Reason-giving is basic to government by consent of the governed. Very basic. An Administration that doesn't have to give reasons for what it is doing is unaccountable to the American people and their common sense, to world opinion--even to itself. To pressure the CIA director to leave after 20 months in the job, and to give no reason at all for it--not even "spend more time with the family"--is a big screw you to anyone trying to discern what the President is doing and what the government is up to. This is why we have professional journalists as part of our public life. They are supposed to step in when reason-giving falters, and press for an explanation. And if today the White House press corps can't get an explanation for Goss's departure, it will fail some basic test of usefulness.

Especially after Goss called his abrupt departure "one of those mysteries," reporters will, I think, be asking lots of CIA director questions today. Most will be about his chosen replacement, General Michael Hayden, but some will be about Goss. The correspondents know how many shocked people there were in Washington on Friday. They know Goss resigned "under pressure," as the Washington Post said Sunday.

Today Tony Snow, the new White House press secretary, is supposed to take over. Thus it's possible we will know right away whether Snow represents a change in White House strategy, or a corrective to the old strategy of de-certifying the press and rolling it back.

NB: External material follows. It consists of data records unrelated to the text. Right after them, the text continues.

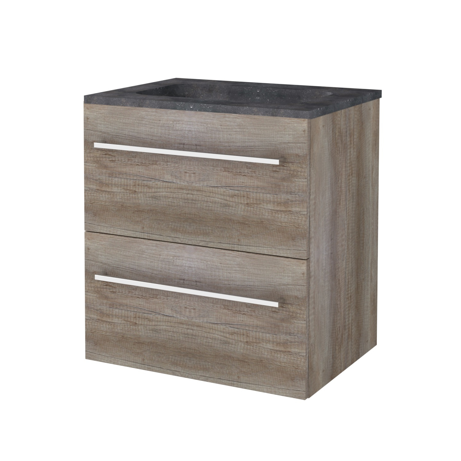 Deze mooie badmeubelset van Aquasplash komt uit de serie Salt, hij is gemaakt van Melamine in de kleur Scotch Oak. De hoogte van dit meubel is 65 cm, de breedte van dit meubel is 60 cm en de diepte is 46 cm. De wastafel die in deze set zit is gemaakt van Hardsteen in een zwart/grijze kleur.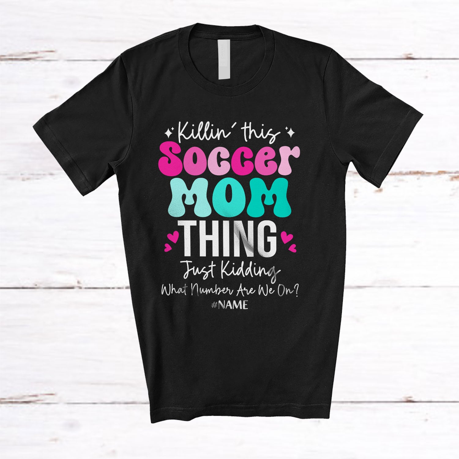 Personalized Killin' This Soccer Mom; Humorous Mother's Day Hearts Soccer; Custom Name Player T-Shirt. This cotton t-shirt is a durable staple product with a classic fit. One of the most popular items, it has a relaxed style made for everyday and casual wear.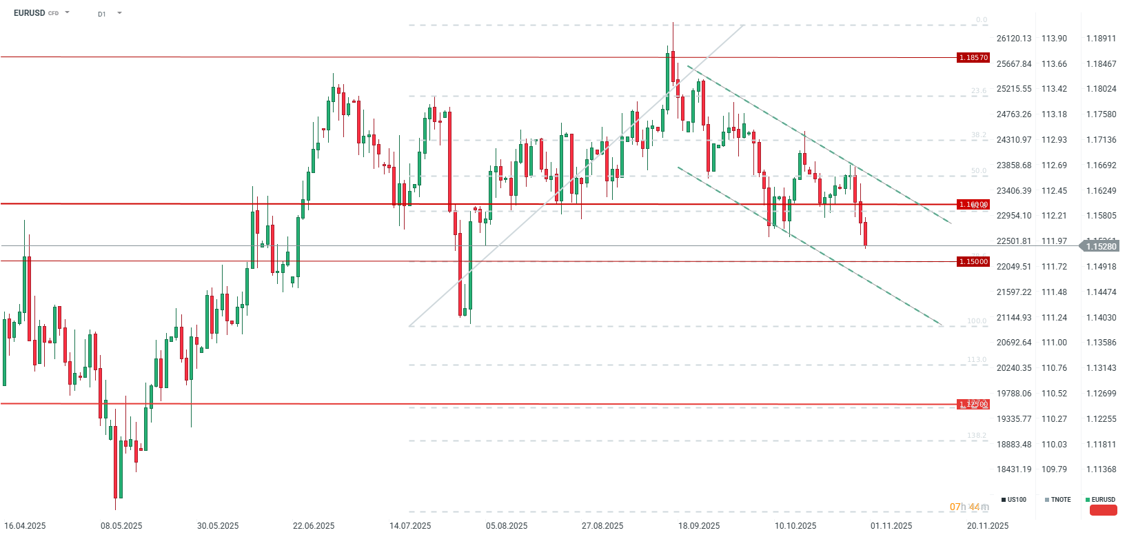 EURUSD dnes klesá pod úroveň 1,1530 a proráží support z poloviny měsíce. Ještě před třemi seancemi se pár pohyboval blíže k úrovni 1,17, ale nyní se zdá, že hladina 1,1500 je na dosah.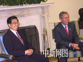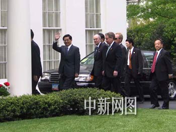 多圖:胡錦濤副主席與美國(guó)總統(tǒng)布什舉行會(huì)晤 2002年05月02日 08:48 ![]() 美國(guó)當(dāng)?shù)貢r(shí)間五月一日下午,美國(guó)總統(tǒng)布什在白宮會(huì)晤中國(guó)國(guó)家副主席胡錦濤。中新社 徐德金/攝 ![]() 美國(guó)當(dāng)?shù)貢r(shí)間五月一日下午,中國(guó)國(guó)家副主席胡錦濤在白宮與美國(guó)總統(tǒng)布什舉行會(huì)晤。圖為胡錦濤、布什微笑面對(duì)攝影記者短暫拍照。中新社 徐德金/攝 ![]() 美國(guó)當(dāng)?shù)貢r(shí)間五月一日上午,中國(guó)國(guó)家副主席胡錦濤與美國(guó)副總統(tǒng)切尼舉行會(huì)談。圖為胡副主席抵達(dá)白宮時(shí)向守候的記者揮手致意。中新社 徐德金/攝 中新網(wǎng)華盛頓五月一日電(記者徐德金)美國(guó)當(dāng)?shù)貢r(shí)間五月一日下午,中國(guó)國(guó)家副主席胡錦濤與美國(guó)總統(tǒng)布什舉行會(huì)晤。 會(huì)晤在白宮橢圓型辦公室舉行。在開(kāi)放給媒體攝影記者短暫拍照時(shí),布什、胡錦濤滿面微笑、頻頻握手,布什還風(fēng)趣地對(duì)記者說(shuō),“再拍一張”。 五月一日上午,胡錦濤與切尼副總統(tǒng)在白宮舉行了會(huì)談。胡副主席是應(yīng)切尼副總統(tǒng)的邀請(qǐng)?jiān)L問(wèn)美國(guó)的。 下午,胡錦濤還會(huì)晤了美國(guó)總統(tǒng)國(guó)家安全顧問(wèn)賴(lài)斯。 今天,大批媒體記者守候在白宮,采訪胡錦濤副主席與美國(guó)領(lǐng)導(dǎo)人的會(huì)晤、會(huì)談。 胡錦濤副主席今天在五角大樓還會(huì)晤了美國(guó)國(guó)防部長(zhǎng)拉姆斯菲爾德。

What will the new press secretary do when asked to provide an explanation that was glaringly missing on Friday? If you're Scott McClellan, who held his last briefing Friday, you sift through what's already on the record about the resignation and choose a phrase or two that can be safely repeated, no matter what you're asked. Rather than dodge the question, you refuse to recognize it, converting the back-and-forth of Q&A into a series of non-sequiturs. The strategy is to add nothing to the public record, no matter what's missing in the explanations from the White House. Press nullification, I have called this. It's not like spin. It's non-communication from the podium, part of a larger strategy for expanding the "black," opaque or simply unilluminated portions of the presidency.